### Exercise details
Please find the line that holds "Satinized/Satinato steel satinized" below and reproduce it, along with every line after it through the end, exactly and without pictures.

(Collected data)

------------------------------------------------

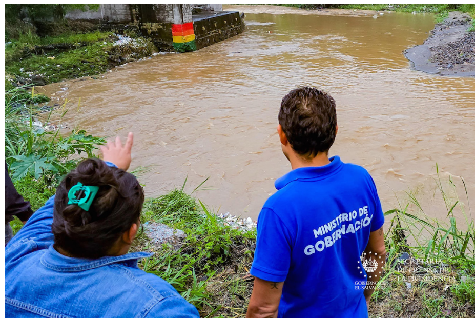
Serán $50 millones los que la Asamblea aprobará durante la plenaria de esta semana.
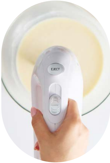
5-steps speed regulation
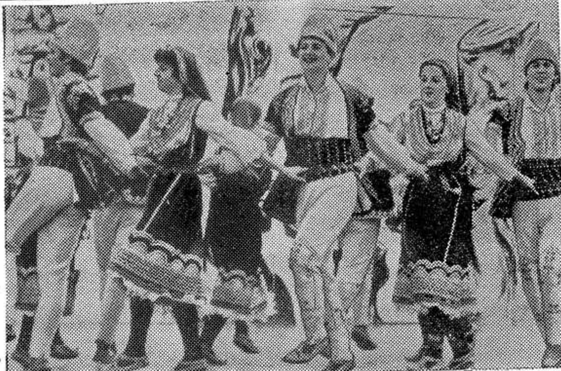
Болгария. Свыше 500 тысяч человек участвуют в художественной самодеятельности. Семь оперных театров, десятки профессиональных ансамблей, сотни коллективов художественной самодеятельности хранят и приумножают богатое творческое наследие болгарского народа.

Высокий исполнительский уровень болгарских певцов и танцоров завоевал международное признание.
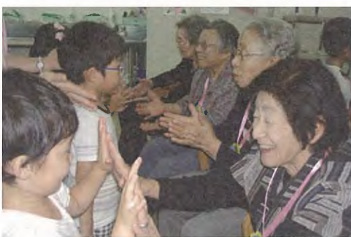
↑デイサービスでは子どもたちとの触れ合いも大切にしています。
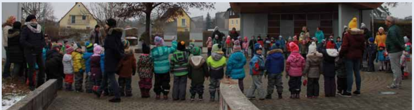
Bild: Kindergartenkinder überraschten Bürgermeister Alfred Buchberger und die Gemeindebediensteten.
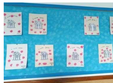
Figura 101 Aula
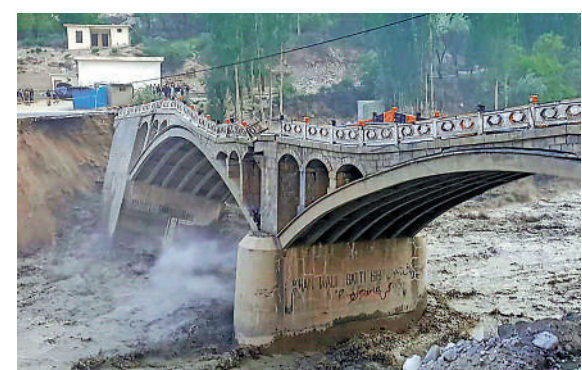
▲在巴基斯坦北部罕薩區，一座橋樑因冰川湖潰堤後引發的洪水而倒塌。

除南極和北極外，巴基斯坦是世界上冰川面積最大的國家，約為13,680平方公里，佔上印度河盆地山地面積的13%。冰川湖暴增現象不止出現在巴基斯坦，根據美國太空總署(NASA)的研究，過去30年，全球冰川湖增加了48%。
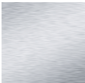
Satinized/Satinato steel satinized
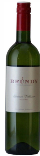
Grüner Veltliner Reserve 2015

Mittleres glänzendes Goldgelb. Intensives Bouquet voller Finesse mit Vanille und rauchigen Anklängen, Exotik mit Banane und Honigmelone. Am Gaumen kraftvoll mit Würze und feiner, harmonisch eingebundener Barriquenote, sehr lang ausklingend. Anspruchsvoll und lagerfähig. Selektion der besten Grüner Veltliner Trauben des Jahrgangs aus mehreren Rieden.
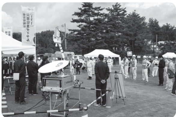
NTTの協力で災害伝言ダイヤル「171」 の体験も行われました
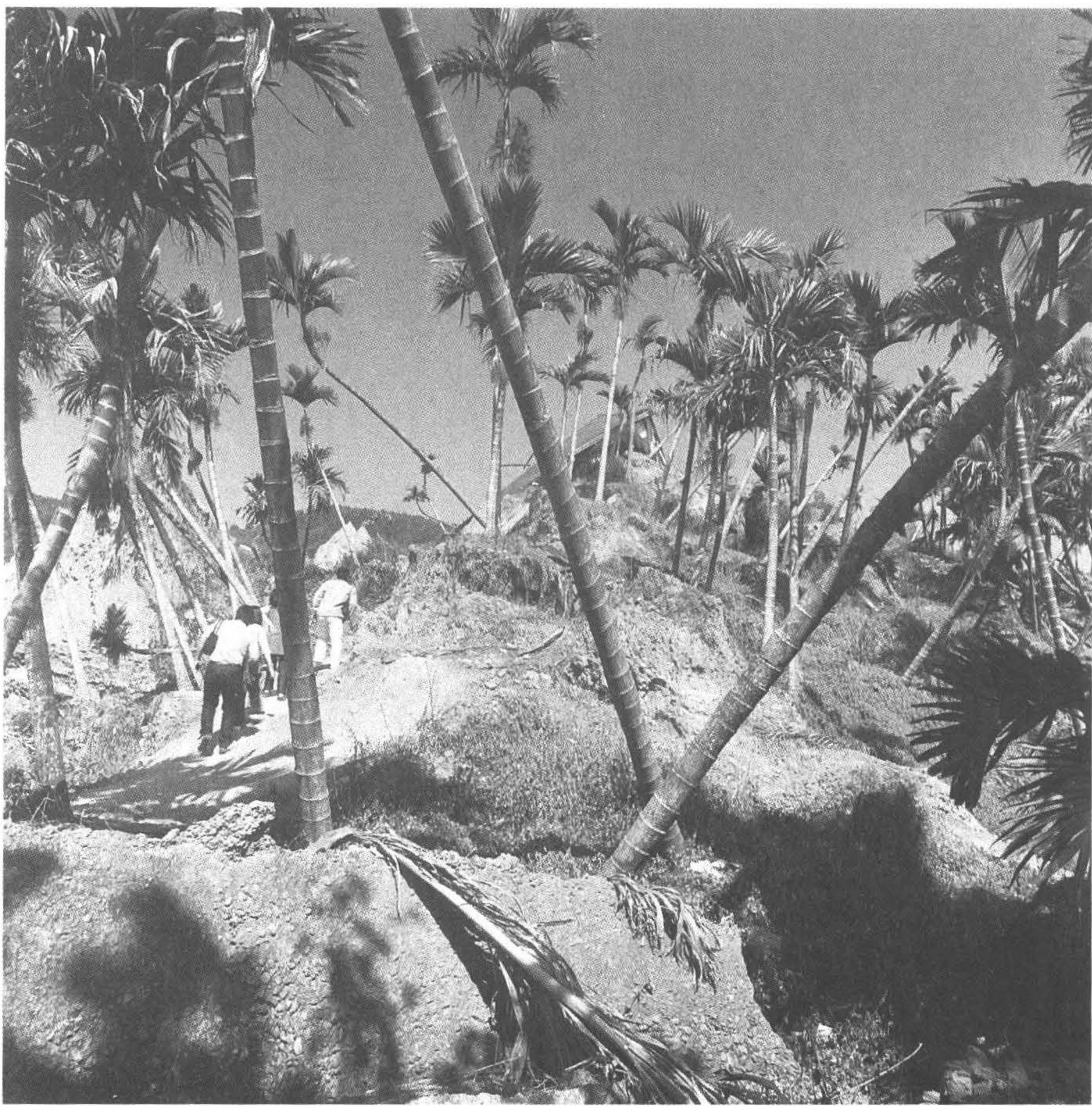
◆一九九九年九二一 大地震，南港村九份 二山是震爆原點，造 成毀滅性的走山，種 植的檳榔樹傾倒滿山 頭。（攝於南投縣國 姓鄉）
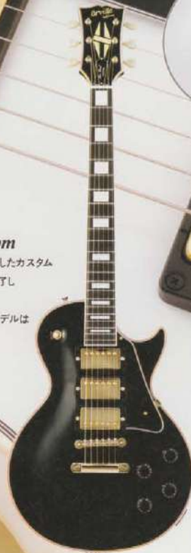
Orville by Gibson LPC-W/3P.U./ Les Paul Custom EB

------------------------------------------------

### Exercise output
Satinized/Satinato steel satinized
Grüner Veltliner Reserve 2015

Mittleres glänzendes Goldgelb. Intensives Bouquet voller Finesse mit Vanille und rauchigen Anklängen, Exotik mit Banane und Honigmelone. Am Gaumen kraftvoll mit Würze und feiner, harmonisch eingebundener Barriquenote, sehr lang ausklingend. Anspruchsvoll und lagerfähig. Selektion der besten Grüner Veltliner Trauben des Jahrgangs aus mehreren Rieden.
NTTの協力で災害伝言ダイヤル「171」 の体験も行われました
◆一九九九年九二一 大地震，南港村九份 二山是震爆原點，造 成毀滅性的走山，種 植的檳榔樹傾倒滿山 頭。（攝於南投縣國 姓鄉）
Orville by Gibson LPC-W/3P.U./ Les Paul Custom EB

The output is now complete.